The Zen of Hosting: Part 4 - HMC and AD

In part 2, I started to write about Active Directory and how to get a single domain to work with multiple organizations, so let’s get back to AD and look at how HMC helps with it. Well, what HMC does to AD is that it gives you a way to set up the OU structure and sets up a number of properties on the AD object.

One of the great things about the OU structure is that it allows you to have a top-level organization (which is called the hosting company), second-level organizations (the resellers), and third-level organizations (the customers). The second level is very exciting, as this is actually the level at which sales are done. Due to the structure, multiple resellers can exist and work with their customer bases while being secured from other customers and resellers. If you’re thinking of white-boxing a hosting solution, this is how it’s done.

Security is obviously taken into account by the HMC engine, which lets an administrator on a hosting company level manage anyone within the system. On the reseller level, you can add accounts to your own account and those of your customers via the web interface. But does this mean you’ll spend your admin days in the web interface? Definitely not! Your AD skills still apply, and you can still manage users, computers, set group policies, and reset passwords, etc. But you should be doing provisioning (creation of items) through the web interface or the engine, as it will save you from having to edit AD properties manually later—for instance.

If you aren’t looking at white-boxing, then you would just have your hosting company and one reseller, followed by various organizations as customers.

You may have picked up that I said you can use the engine to provision, and you may have thought that meant you needed to use the SDK and write code. Well, you don’t have to! Microsoft has actually included a tool called Provtest, a command-line tool on your HMC server. You pass it an XML file, and it parses the file, pushes it to the engine, and displays the result. This is actually the same way the SDK works—in that you pass XML to the web services or COM+ object to perform tasks. Microsoft also includes many samples with HMC, and even more in the SDK. So what you may find yourself doing a lot of is, especially when you get to Exchange management.

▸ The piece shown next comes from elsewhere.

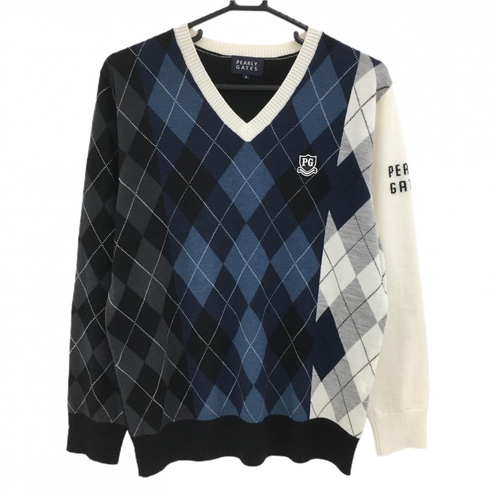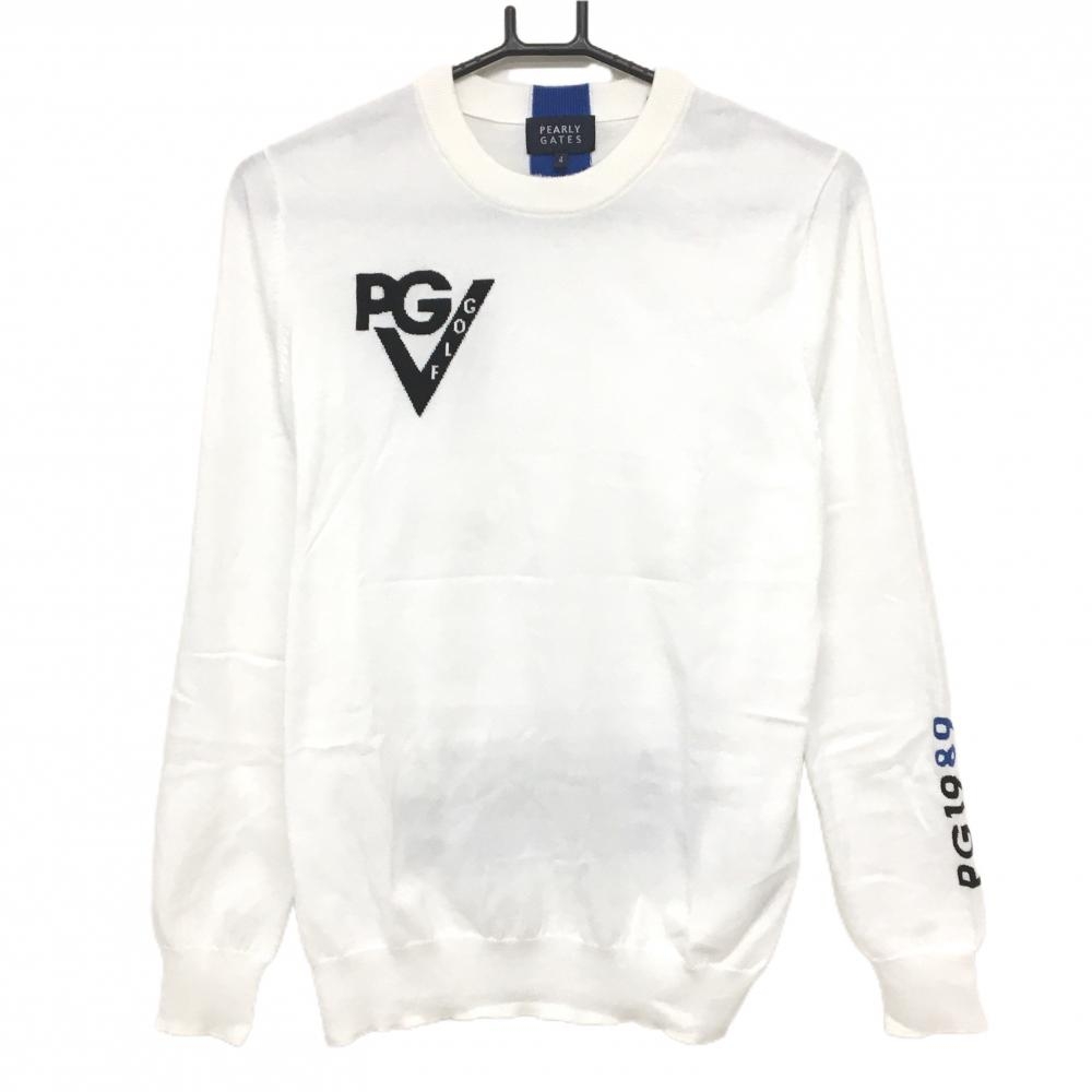 【超美品】パーリーゲイツ セーター 白 ロゴネイビー ストレッチ ニット メンズ 4(M) ゴルフウェア 2024年モデル PEARLY GATES

One of the ways HMC also modifies AD object properties is by setting the login name in such a way that it allows each customer to have their own domain name (sort of). However, it’s just on the AD account name. This isn’t an easy concept to grasp without an example, so let’s say the hosting company domain is Contoso.local, and let’s say a customer named Northwind signs up with one of their resellers (who the reseller is doesn’t matter). The Northwind team decides they want their domain to be Northwind.com, so via the web interface, they add Fred and set his login to be fred@northwind.com.

What HMC does is set the AD account name to fred@northwind.com, but in the background, it sets the SAM account name (or the pre-Windows 2000 name) to contoso.local\fred_northwind. Yes, it should be fred..northwind—the first dot for the SAM account and the second for grammar. So all customers are on the same domain at the core, but the account name is what they would use to log in to OWA, their machine, or an application like MSCRM.

The SAM account name is still vitally important, as most applications don’t like using account names internally. For example, MSCRM allows you to log in with the account name, but when adding users individually, you cannot use the account name—you must use the SAM account name. Oddly, though, the multiple-user add option does work with the account name. This is an annoying problem, as it means you need to expose the (ugly) SAM name to your customers. If you’ve named your hosting level with something distinctive, it could limit your white-boxing ability!

This disconnect between account name and SAM account is a massive pain for service accounts too, as I lost way too much time during deployment on many services just retyping passwords and resetting them—only to realize that the application didn’t like something in the username and wanted the SAM account name. The worst experience I had with passwords during all of this was with Forefront, where it not only didn’t like the account name but also didn’t like the fact that the domain name (on the hosting company level) had a dot in it.

The security isn’t perfect, though, as there are times when you can see all users in the system. In an earlier version of HMC, there was a problem with the address books where everyone could see everyone, but that has been corrected. For MSCRM, though, the add-multiple-user interface shows all users when you hit the lookup if you haven’t configured MSCRM correctly. I’ll come back to this point later in the series when I talk about MOSS.